The police vans drove away at 12:03, leaving the usual handful of officers and cars and the mobile observation tower on the northwest side. An hour later, in time for the General Assembly meeting, the whole place felt different. The rain had stopped, and there were perhaps three times as many people, with new faces as well as familiar ones. The sidewalk along Broadway was full of Occupiers holding signs again, and the GA process was gearing up. Videos of the morning’s action were spreading on YouTube. I talked with a man from Washington Heights—on the far north end of Manhattan—who had come for the first time after learning about the occupation on the Internet. People seemed happy, and eager, and curious. The next morning, this little secret of a place was the cover story of the tabloid newspaper Metro, with pictures of the arrests.
Getting arrested, on purpose or otherwise, was new to a lot of these people, but not to Jason Ahmadi. Just days before the occupation he’d arrived in New York from a homeless, vagabonding life in the Bay Area, where over the years he was involved in tree sits, banner drops, Food Not Bombs groups, and hunger strikes—that is, after he got over playing lots of video games in college at Berkeley. He came to New York for a War Resisters League meeting and decided to stick around for the occupation. The city made him crazy, though, and he could take it for only so long at a time before he had to get out to swim in a lake somewhere.
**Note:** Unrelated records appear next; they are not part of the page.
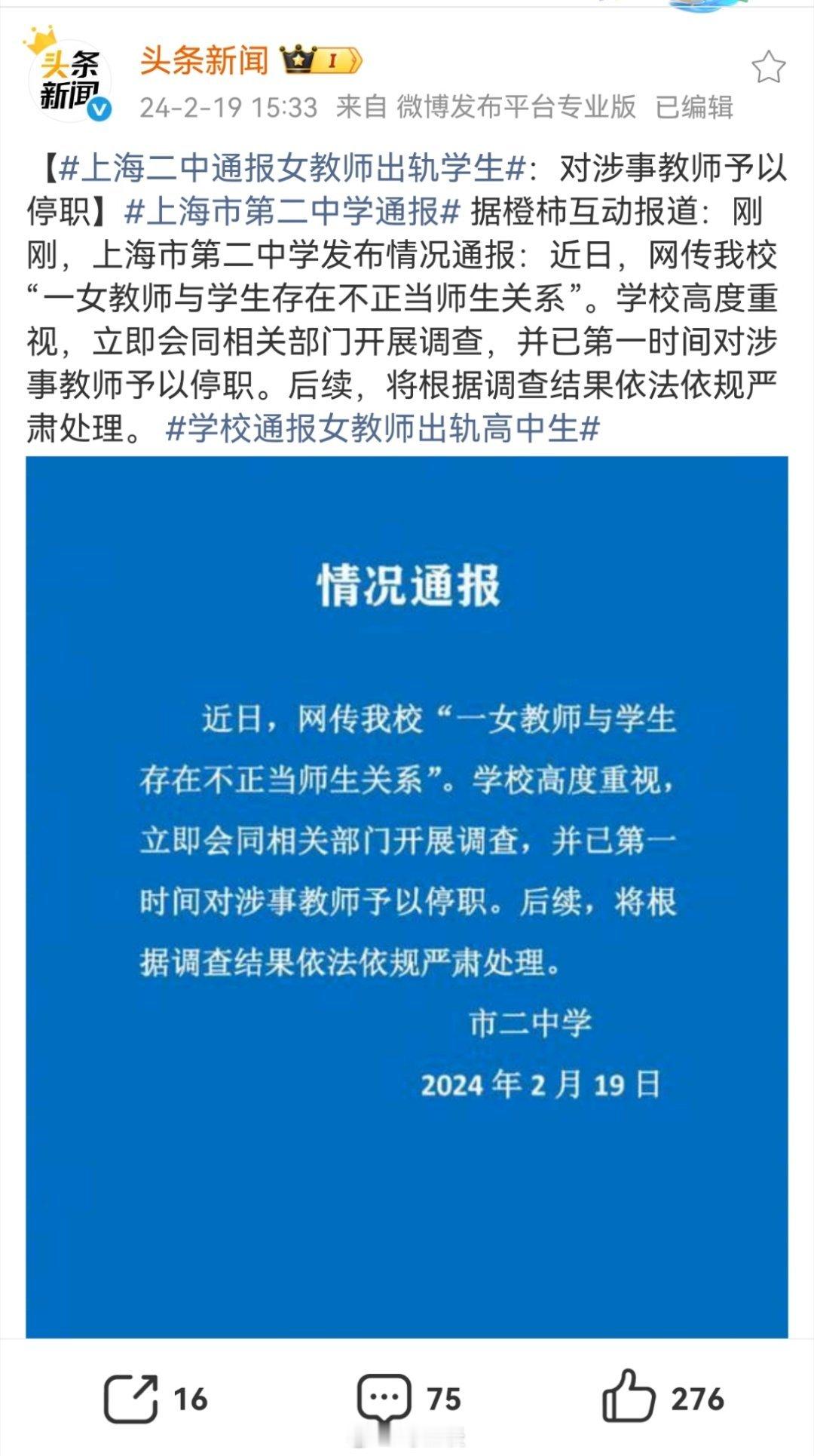 美29岁女教师与未成年发生关系被捕 挺严厉的。顺嘴一问,上海二中那位女老师后续是怎么处理的?
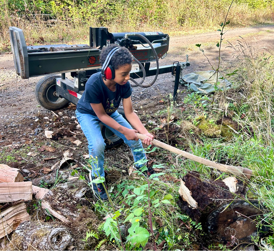 Ostensibly, the boys have come to help. Yesterday we fired up the hydraulic wood splitter and began breaking up large rounds of a Douglas-fir that once stood between the driveway and the orchard. Although I was rarely left alone at the task, they circled in and out of the splitting in an erratic choreography driven by youthful attention deficit. I didn’t mind. Despite the unending To-Do lists that constantly surround this place and clutter my thoughts, when my grandsons make the trip there is a single imperative—that they love being here and love coming with me.
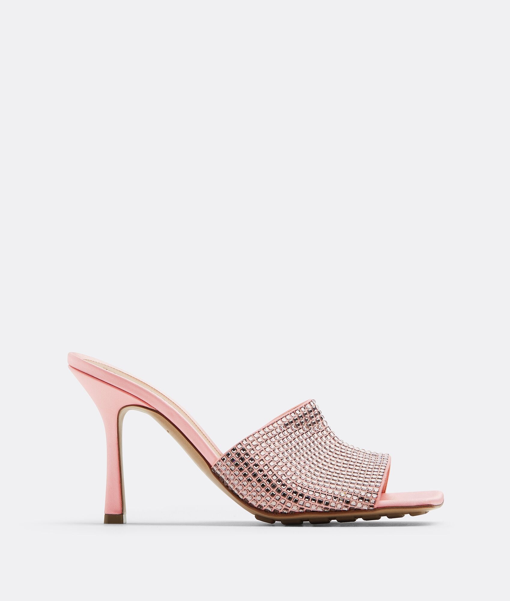 • Strass-embellished silk mules Material: 100% Silk • Lining: Lambskin • Color: Camellia • Rubber-injected leather outsole Heel: 9 cm I 3.5" Made in: Italy
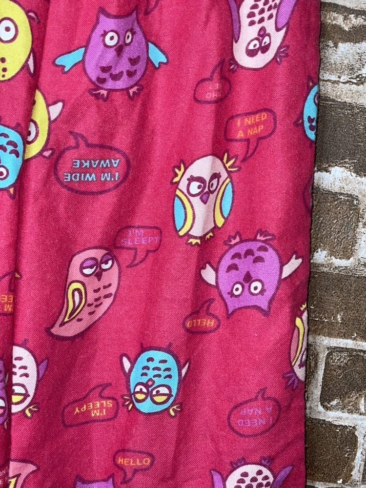 NEW WITH TAGS - GAPKIDS - OWL PAJAMA BOTTOMS 6 ELASTIC WAIST TIE FRONT DARK PINK WITH OWLS ALLOVER THOUGHT BUBBLES NEXT TO OWLS READ, "WHO ME?" , "I NEED A NAP", " HI!", "HELLO", "I DON'T LIKE NAPS", AND "IM WIDE AWAKE" FLAME RESISTANT PLEASE CHECK OUT MY STORE FOR MANY MORE THINGS FOR SALE!!!! BIN # 30

He once authored a typewriter-and-handwriting zine, Arlo’s Cooking Corner, a practical, scientific, and philosophical guide to wrapping heated pots in blankets for long periods of time. “i love experimenting,” it says in type at the outset of the section on baking. “it is how i grow as an individual.” Hand-written on the back cover: “figure it out yourself.”
Jason had wild, dark hair and wore colorful secondhand sweaters. In ordinary conversation he was all over the place with his moods and convictions, but when talking to the press or facilitating a meeting, there was hardly anyone more sure with words. His skill as a slow cooker expressed itself in a contentious room, which he could let simmer as the hidden consensus slowly started to express itself, but then pluck out whatever nonsense might fall in and mess up the process.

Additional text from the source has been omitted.